Roche: Can you give an example of how that would work?
Katharine: Often sexual health comes up for women in the pre-clinic questionnaire because 80% of women with diabetes will experience vaginal dryness at some point. If you don’t want to have sex because it’s painful, your relationship suffers, and that then brings with it a sense of low self-worth, loss of attractiveness. There’s actually a really easy fix to that, but a young woman isn’t terribly likely to tell her 60-year-old male endocrinologist: ‘I don’t wanna have sex.’ But how’s she going to know this on her own? It’s a problem directly related to diabetes but it’s never talked about. If someone’s relationship is crumbling, quite frankly, then their attention to self-management and glycaemic control is not going to be 100%. With a tool or platform, though, it’s all there in one place, and the doctor can then bring it up and explain the root of the problem and suggest how to solve it.
Roche: What changes in the healthcare system would make it easier for mental well-being to be addressed in routine visits?
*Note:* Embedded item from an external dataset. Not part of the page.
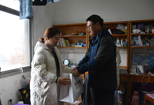 本网讯(记者 刘磊)今天(12月18日)上午,党委书记朱继平、党委副书记孙细望走访公司员工宿舍,向5名家庭经济困难员工送去御寒的羽绒服,让他们温暖过冬。人文系、外语系、管理系党总支书记,员工工作部主要负责人一同参加慰问。

Katharine: I’m a psychologist; you wouldn’t expect me to take someone’s appendix out, so why would you expect a medic to deliver psychological support? It’s wholly unfair; they don’t have the expertise, training or support. This is why it’s up to healthcare systems to take responsibility for supporting healthcare professionals in delivering more holistic care, and that includes appropriate training and feedback mechanisms so they are comfortable and confident to do so. But this requires starting right at the top. For example, we could embed psychosocial training much more deeply into medical school and then students would learn as they come through that physical and mental health need to be treated equally. Because if they’re not, then one will surely suffer as a consequence of the other.
Even though it can be really challenging for a healthcare professional to bring up the topic of mental well-being in a diabetes consultation, it’s worth the effort. It’s often the small things that can make people with diabetes feel so much better, and identifying these tiny tweaks and easy fixes that could address their unmet needs starts with just a few simple questions.
Improving prevention practices and increasing access to mental health resources isn’t going to happen overnight. We’ll only be able to drive meaningful change for people with diabetes by working together across the industry, healthcare systems and regulatory bodies. According to Katharine Barnard-Kelly, however, one of the steps that healthcare teams can take right now is to equip themselves with the tools and strategies they need to put mental well-being on the table — at every check-up.
References
HbA1c refers to ‘glycated haemoglobin,’ a parameter to diagnose and monitor diabetes by identifying average plasma glucose values over a period of weeks/months.